У Василинки сразу пропадает хорошее настроение.
Заметив, что Василинка погрустнела, мама попыталась ее утешить.
— Смотри, доченька, — показала она небольшой клок расчесанной шерсти, за шитье фунт шерсти заработала. Я тоненько спряду, нитки покрасим в красный цвет и соткем красивое покрывало.
Василинка глянула на кровать, прикрытую посконной дерюжкой, на подарок — длинноносые ботинки — и ничего не ответила.
— Надо же приготовить Тоне в приданое хоть две подушки, — продолжала мама. — Хорошо, что отец, — она так звала при детях отчима, — нанялся в соседней деревне Акиму хату поставить. Пообещал, что без хлеба не останемся. А вот с одеждой и обувью беда.
Ей очень хотелось, чтобы дети звали Василия отцом. Ни Тоня, ни Василинка, ни Митька не могут отчима назвать папой. Что-то мешает им вымолвить это короткое слово.
Василий молчит, точно не замечает. Правда, дети никогда не отказывались, исполняли каждое требование или просьбу отчима. Порой им очень нелегко было обходиться без слова «папа». За глаза или при маме говорили: «Он ушел», «Он скоро придет». Очень обрадовалась мать, услыхав однажды, как Василинка, держа Михаську на руках, говорила:
— Глянь в окошко, глянь, вон твой папа идет.
Но слово «папа» было произнесено для Михаськи. Для нее самой Василий оставался отчимом.
Девчата приглашали Василинку пойти с ними на посиделки. Но разве признаешься, что нечего одеть. Стыдно и обидно! Отчим говорил, что человек кузнец своего счастья. Вот кабы сегодня хоть маленькое счастьице — платье из ситца да крепкие башмаки…

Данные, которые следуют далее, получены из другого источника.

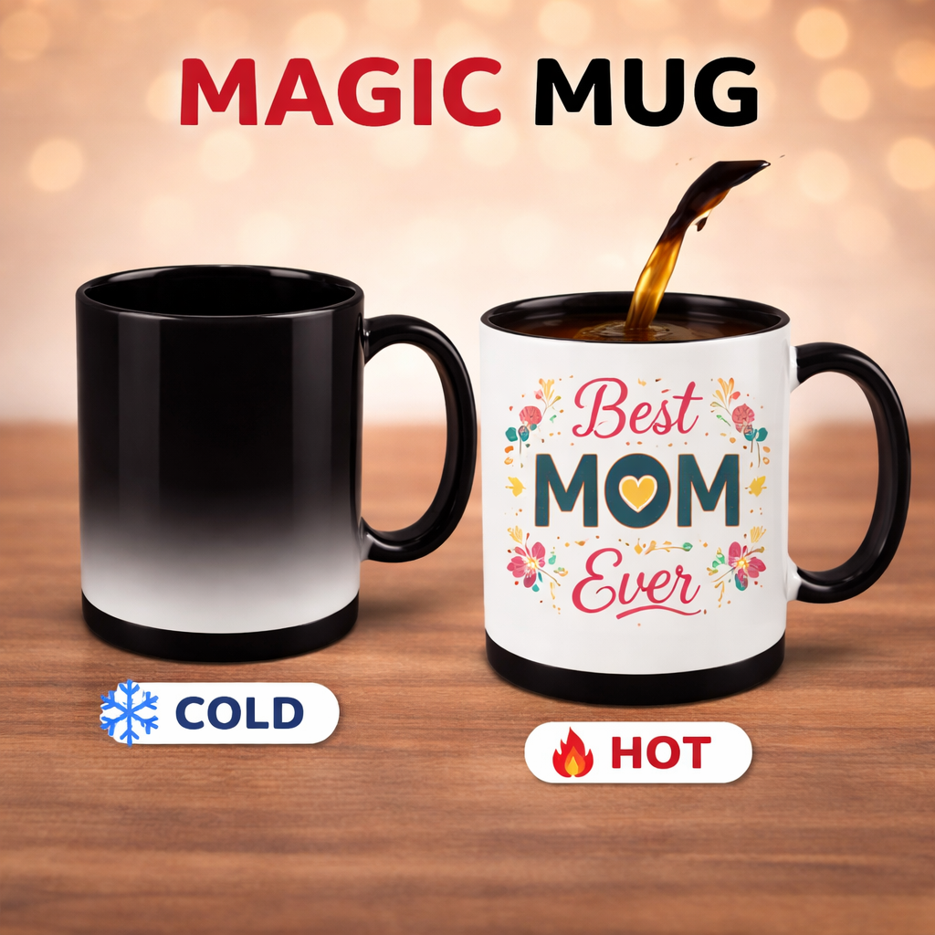 Bring a touch of surprise to every sip with our Customized Photo Magic Mug. This heat-sensitive mug looks plain black when cold, but magically reveals a hidden photo or design when hot liquid is poured inside. Perfect for gifting on birthdays, anniversaries, Valentine’s Day, Mother’s Day, or corporate occasions, this magic mug turns everyday coffee moments into unforgettable memories.

Петр с Ананием звали Василинку в местечко на спектакль. Комсомольцы ставили пьесу. Но ведь надо пять копеек на билет. На чужие рассчитывать не приходится.
А зимний вечер долгий-долгий. Отчим на один день, в конце недели, забегает домой. Михаська вертится возле ног, отец гладит его по головке, а малыш рассказывает стишок:
— Какой ты у нас молодчина! — смеется Василий. — А ну, расскажи еще что-нибудь! Вот подрастешь — будешь вместе с детьми в школу бегать.
— Я зимой буду в школу бегать, а летом с тобой хочу хату строить! — говорит Михаська. — Углы в хате срублю замком, а крышу накрою под лопату!
Все смеются, радуются, что малыш такой смышленый.
Вволю наговорившись, отчим и мать запевают. Оба они очень любят песню веселую и грустную. Старательно, на два голоса, выводят:
Споют и «Есть на Волге утес» и «Ямщика», который в степи замерзал. Только «Дубинушку» отчим поет один. Мама сидит с ним рядом и внимательно слушает, хотя песня эта, как и другие, пета-перепета много раз.
— Вот так, мать, — говорит отчим, — нынче мы с «Дубинушкой» тянем из себя жилы, но погоди, скоро все переменится. Машины будут делать тяжелую работу.
— Пока тех машин дождешься — скажи спасибо, что плуги государство дало.
— Твоя правда, мать. И семян лучших сортов к весеннему севу прислать обещали. Глядишь, все поле засеем.
— Снова сообща работать?
— А как же! Только все вместе и осилим сев. Это начало, мать. А знаешь, что будет дальше?
По его словам выходило, что жизнь наладится только в артели.